Another new thing in the monastery that has nothing to do with Covid, but fortunately was not sabotaged by the virus either, is our new heating system. We have replaced our venerably old oil burner with a modern pellet heating system. Our also ecologically meaningful efforts (we are now burning certified organic bio pellets from the Bernese Oberland) were even rewarded with a grant of CHF 10,000 from the Government. The installation was an enormous project by our standards, which we looked forward to with some concern. Mainly because, due to a lack of space, the pellet tank could only be buried under the parking lot. That took a truly huge hole! And since we are known to be on the overgrown moraine of an Ice Age glacier, which consists mainly of rocks of various sizes, we were concerned about what the construction workers would find under the parking lot and how well they could handle it. Well, they actually found three large rocks that were in the way of our planned tank location, but just so on the edge of the planned position that they were not really a problem for our excavator operator and his “toy” with a powerful jackhammer attachment. In the end, our skilled construction workers and craftsmen cleared all obstacles out of the way, we have an excellent heating system again and we can feel extra good thanks to our contribution to climate protection.
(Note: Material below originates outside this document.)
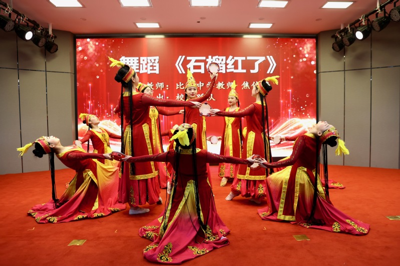 开场,米兰官网首页登录入口附属黄浦比乐中学校舞蹈队成员带来了由焦佳静老师指导《石榴红了》,欢迎现场领导、嘉宾的到来。

Due to the current uncertain situation, we are taking a little more time this autumn to plan our program for next year, but will soon start to publish the first planned dates on the website. In some cases it will only become clear next year to what extent and in what format (in the monastery or via video transmission) the planned events can take place.
We hope, however, that you will stay in contact in one way or another and that things will soon level out to the point where we can reopen the monastery as usual not too long after our winter retreat (from the beginning of January to the end of March).